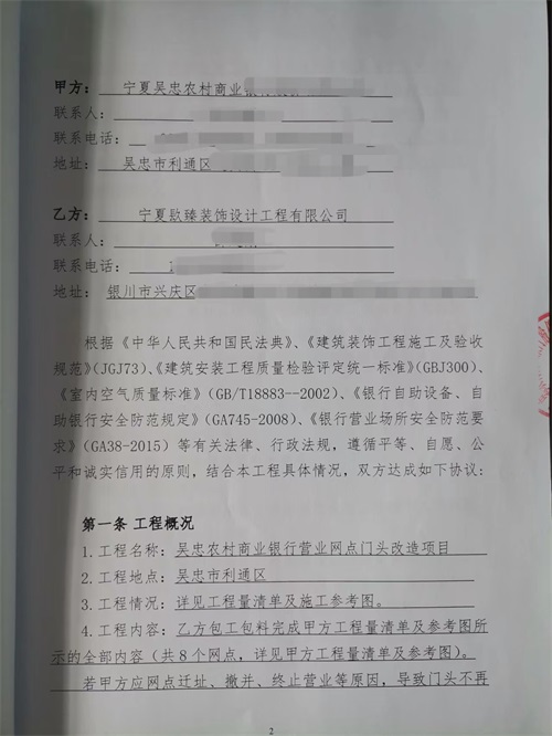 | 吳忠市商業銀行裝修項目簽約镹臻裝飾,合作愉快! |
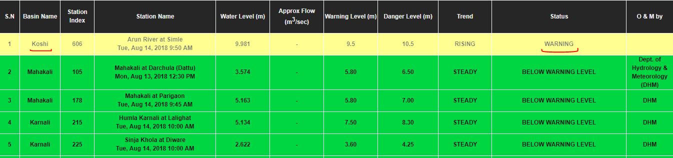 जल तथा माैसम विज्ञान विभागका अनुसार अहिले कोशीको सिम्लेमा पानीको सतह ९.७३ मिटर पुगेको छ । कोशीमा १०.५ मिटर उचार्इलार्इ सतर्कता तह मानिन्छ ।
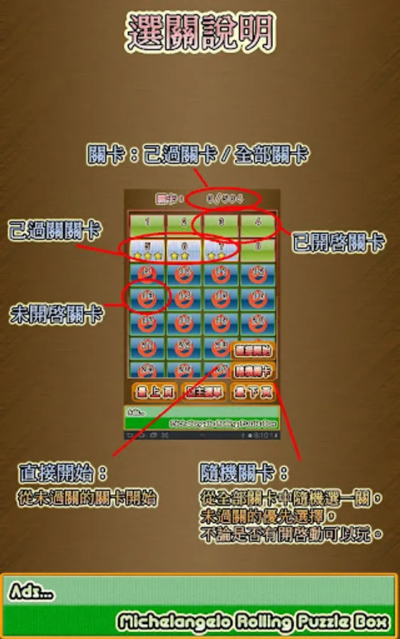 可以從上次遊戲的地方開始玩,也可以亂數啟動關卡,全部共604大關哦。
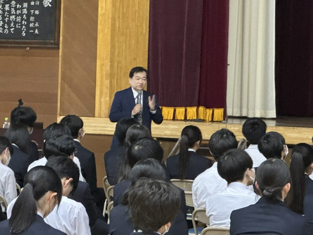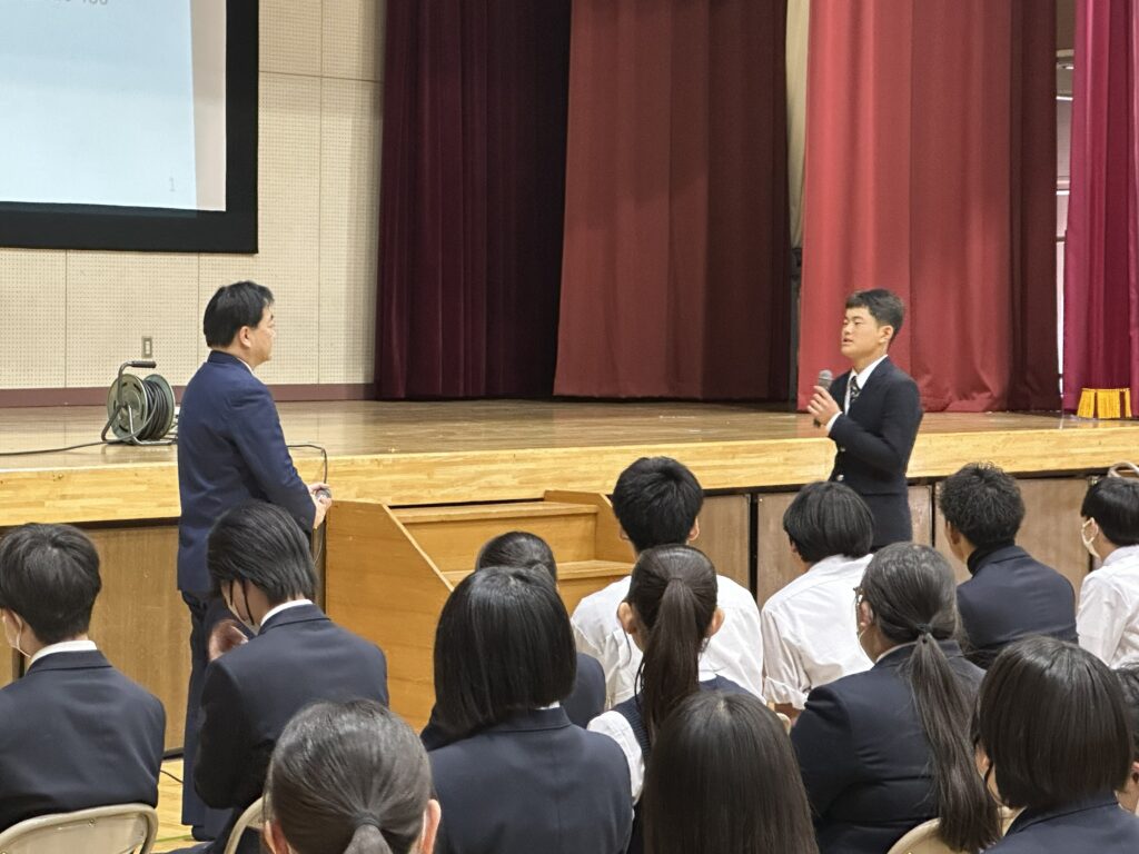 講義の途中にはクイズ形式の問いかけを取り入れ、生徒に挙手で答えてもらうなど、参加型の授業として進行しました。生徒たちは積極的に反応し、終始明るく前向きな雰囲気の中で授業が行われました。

---

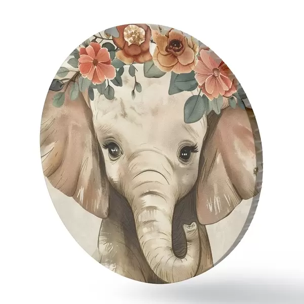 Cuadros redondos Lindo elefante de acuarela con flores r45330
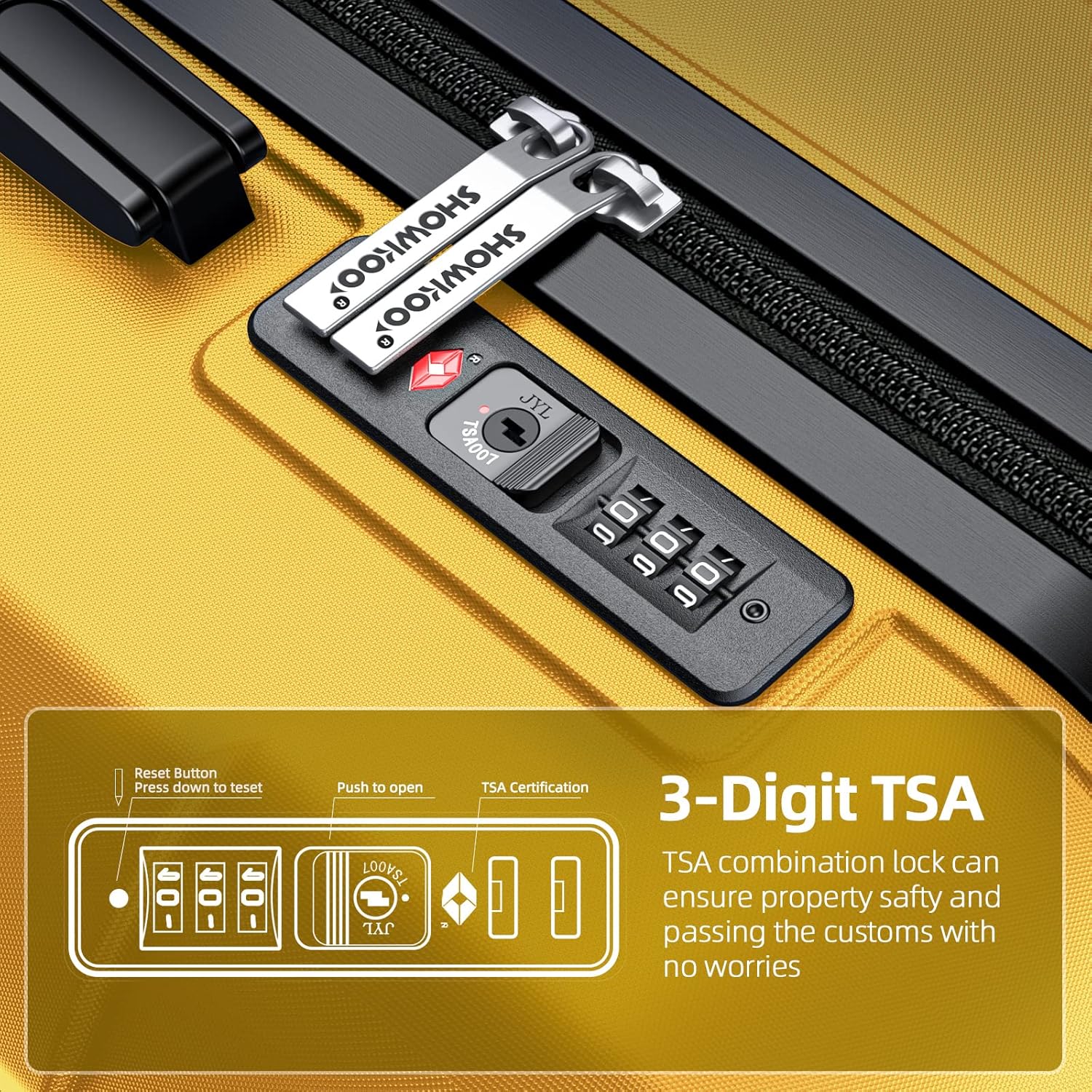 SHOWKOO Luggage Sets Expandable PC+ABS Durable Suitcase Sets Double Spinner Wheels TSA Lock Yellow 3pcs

» Description of the task
Only one stretch of the entries above is needed: the lines from the one containing "जल तथा माैसम" through the one containing "講義の途中にはクイズ形式の問". Copy it exactly, without the pictures.

» Answer box
 जल तथा माैसम विज्ञान विभागका अनुसार अहिले कोशीको सिम्लेमा पानीको सतह ९.७३ मिटर पुगेको छ । कोशीमा १०.५ मिटर उचार्इलार्इ सतर्कता तह मानिन्छ ।
 可以從上次遊戲的地方開始玩,也可以亂數啟動關卡,全部共604大關哦。
 講義の途中にはクイズ形式の問いかけを取り入れ、生徒に挙手で答えてもらうなど、参加型の授業として進行しました。生徒たちは積極的に反応し、終始明るく前向きな雰囲気の中で授業が行われました。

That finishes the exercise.